Aim of the exercise:
Return every entry below word for word and leave out any picture.

Excerpted records:
++++++
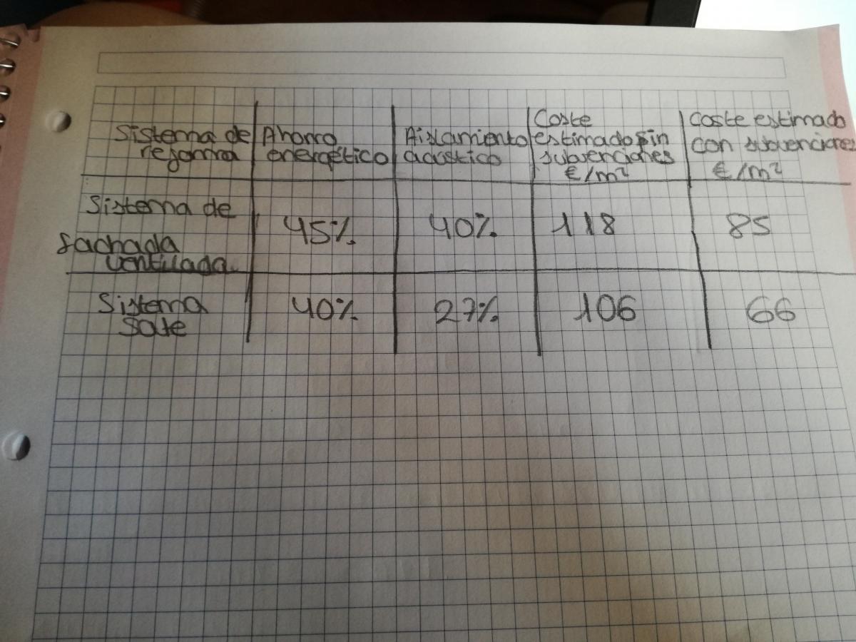 3. La fachada mide 345m cuadrados. sistema de reforma 1, hallar el coste estimado sin subvenciones de arreglo en notación cientifica.
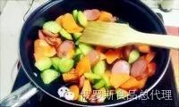 5.再加入胡萝卜片和黄瓜片,继续翻炒1-2分钟,加入适量盐和水,盖上锅盖,焖约2-3分钟。
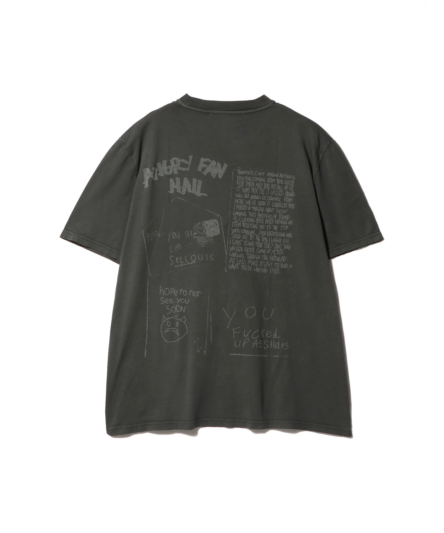ポルトガル産コットンジャージーを使用したボックスTシャツ。ポルトガル産コットンジャージーで製造されたボックスTシャツは、顔料染めを施した後、レーザープリントで色を焼き抜くことで、ソーシャルメディア上のコメントを風刺した「Angry Fan Mail」グラフィックを浮かび上がらせています。ワイドでボックス型のシルエットに、細リブの襟とストレートヘムが特徴です。
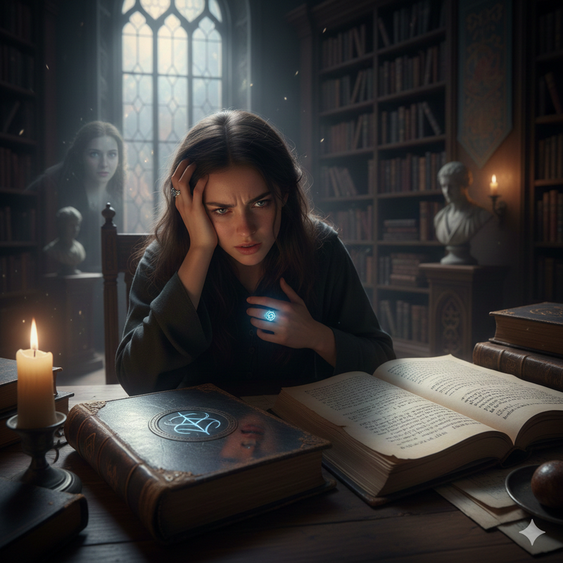 "Ніч після небезпечної пригоди була важкою. Лу не могла заснути. Всі образи з того, що сталося, не давали їй спокою. І кільце, яке лежало поруч, ледь не згоріло від напруги її думок. Вона знайшла сили піднятися з ліжка і підійти до столу, де лежав давній, вкритий пилом том. Лу знайшла його в одному з заборонених архівів Академії, той, що був повністю закритий для студентів. На обкладинці не було назви, лише символ, який Лу вже бачила: той самий, що викарбуваний на її кільці.
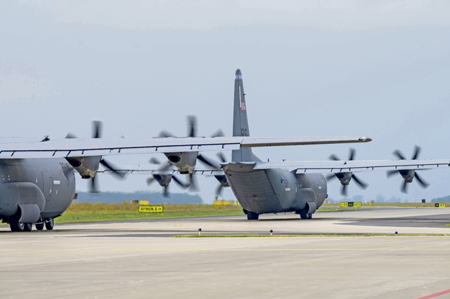 Two C-130J Super Hercules aircraft from Ramstein Air Base, Germany, taxi before takeoff during exercise Hussar Saber at 33rd Air Base, Poland, Sept. 8, 2025. Hussar Saber is a bilateral exercise focused on tactical airlift and airdrop operations meant to build and maintain unit mission readiness and promote interoperability with NATO Allies.(U.S. Air Force photo by Senior Airman Trevor Calvert)
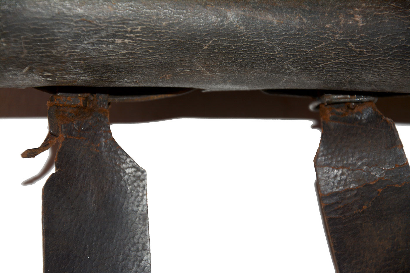 The “make do” leather shoulder strap is fashioned from four separate pieces tied together with leather strips. This is connected to the loops on the back of the box; one side is tied and the other by a small iron buckle.
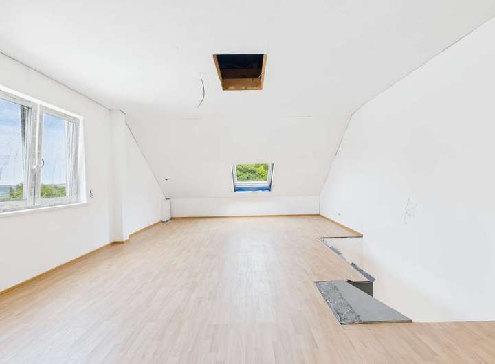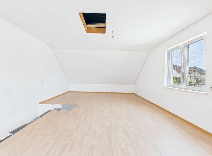 Ein echtes Highlight bietet das ausgebaute Dachgeschoss: Ein großzügiger, lichtdurchfluteter Raum, welcher sich flexibel als Arbeitsbereich, Atelier oder Ruhezone nutzen lässt. Zusätzlich besteht die Möglichkeit, einen Dachboden zu errichten – ideal als praktischer Stauraum für saisonale Gegenstände.
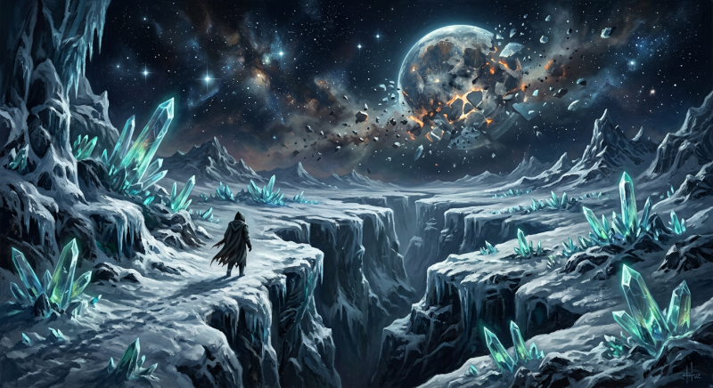Перед ним простиралась бескрайняя белая пустыня. Чёрное небо, усыпанное звёздами, будто вырезанными из чистого льда. А над горизонтом — маленькое, бледное солнце, еле тёплое, словно угасающая свеча. По всей равнине из‑под снега под невозможными углами вырастали прозрачные кристаллы — идеальные геометрические фигуры, звонкие, хрупкие и мёртвые. Они ловили свет и разбивали его на тысячи иголок, превращая мир в хрустальный лабиринт.
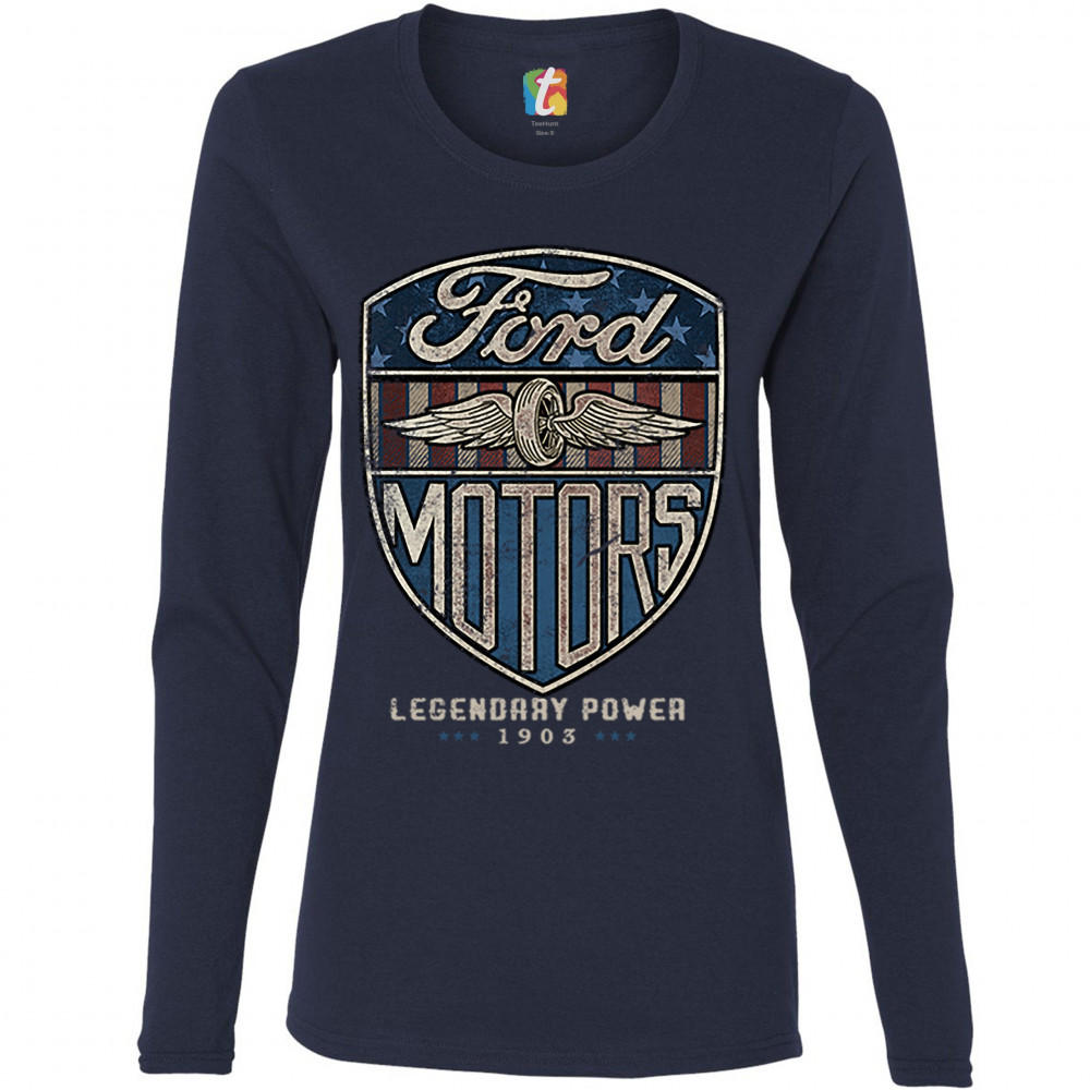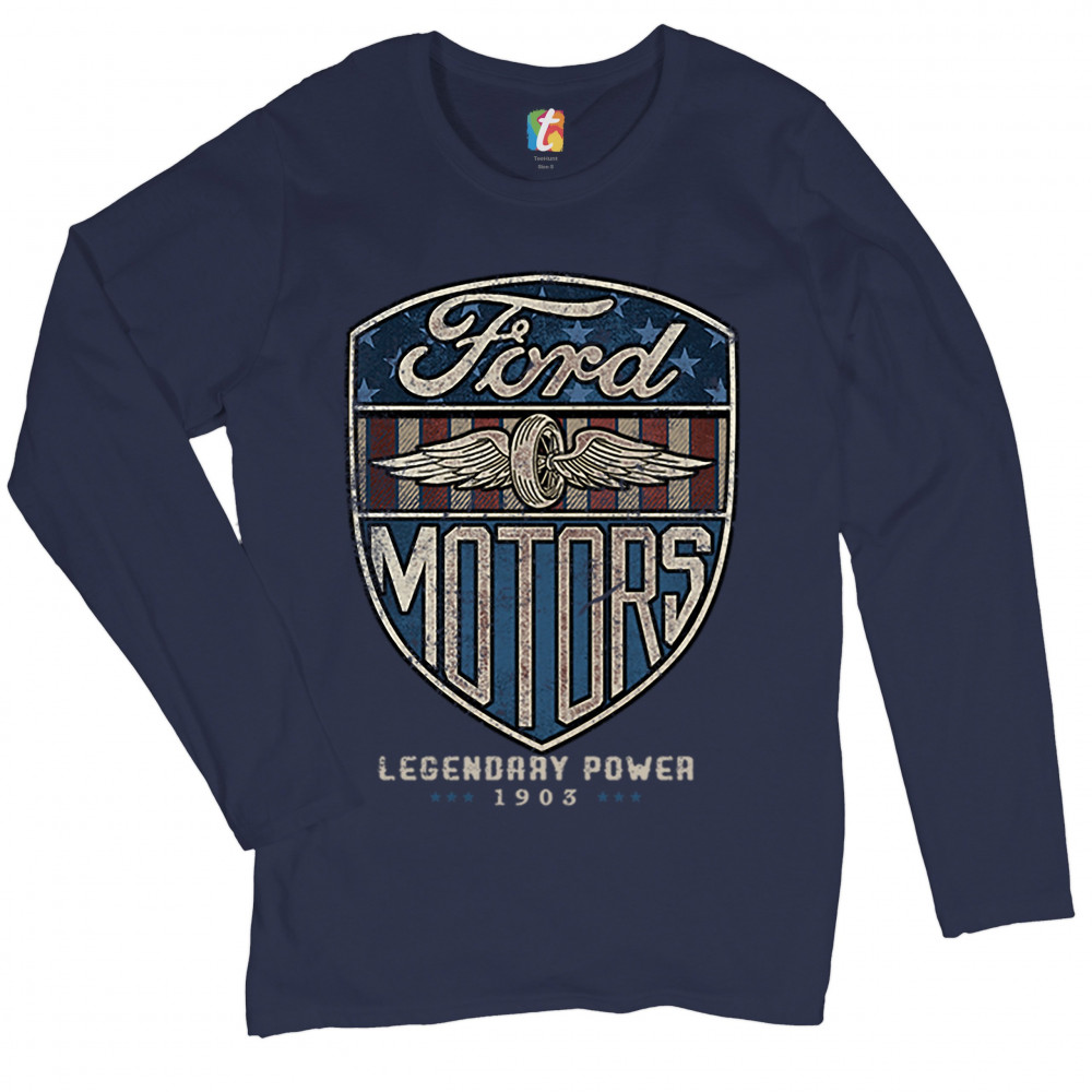 FORD MOTORS LEGENDARY POWER women's long sleeve t-shirt retro fomoco licensed navy blue
++++++
Exercise solution:
 3. La fachada mide 345m cuadrados. sistema de reforma 1, hallar el coste estimado sin subvenciones de arreglo en notación cientifica.
 5.再加入胡萝卜片和黄瓜片,继续翻炒1-2分钟,加入适量盐和水,盖上锅盖,焖约2-3分钟。
ポルトガル産コットンジャージーを使用したボックスTシャツ。ポルトガル産コットンジャージーで製造されたボックスTシャツは、顔料染めを施した後、レーザープリントで色を焼き抜くことで、ソーシャルメディア上のコメントを風刺した「Angry Fan Mail」グラフィックを浮かび上がらせています。ワイドでボックス型のシルエットに、細リブの襟とストレートヘムが特徴です。
 "Ніч після небезпечної пригоди була важкою. Лу не могла заснути. Всі образи з того, що сталося, не давали їй спокою. І кільце, яке лежало поруч, ледь не згоріло від напруги її думок. Вона знайшла сили піднятися з ліжка і підійти до столу, де лежав давній, вкритий пилом том. Лу знайшла його в одному з заборонених архівів Академії, той, що був повністю закритий для студентів. На обкладинці не було назви, лише символ, який Лу вже бачила: той самий, що викарбуваний на її кільці.
 Two C-130J Super Hercules aircraft from Ramstein Air Base, Germany, taxi before takeoff during exercise Hussar Saber at 33rd Air Base, Poland, Sept. 8, 2025. Hussar Saber is a bilateral exercise focused on tactical airlift and airdrop operations meant to build and maintain unit mission readiness and promote interoperability with NATO Allies.(U.S. Air Force photo by Senior Airman Trevor Calvert)
 The “make do” leather shoulder strap is fashioned from four separate pieces tied together with leather strips. This is connected to the loops on the back of the box; one side is tied and the other by a small iron buckle.
 Ein echtes Highlight bietet das ausgebaute Dachgeschoss: Ein großzügiger, lichtdurchfluteter Raum, welcher sich flexibel als Arbeitsbereich, Atelier oder Ruhezone nutzen lässt. Zusätzlich besteht die Möglichkeit, einen Dachboden zu errichten – ideal als praktischer Stauraum für saisonale Gegenstände.
Перед ним простиралась бескрайняя белая пустыня. Чёрное небо, усыпанное звёздами, будто вырезанными из чистого льда. А над горизонтом — маленькое, бледное солнце, еле тёплое, словно угасающая свеча. По всей равнине из‑под снега под невозможными углами вырастали прозрачные кристаллы — идеальные геометрические фигуры, звонкие, хрупкие и мёртвые. Они ловили свет и разбивали его на тысячи иголок, превращая мир в хрустальный лабиринт.
 FORD MOTORS LEGENDARY POWER women's long sleeve t-shirt retro fomoco licensed navy blue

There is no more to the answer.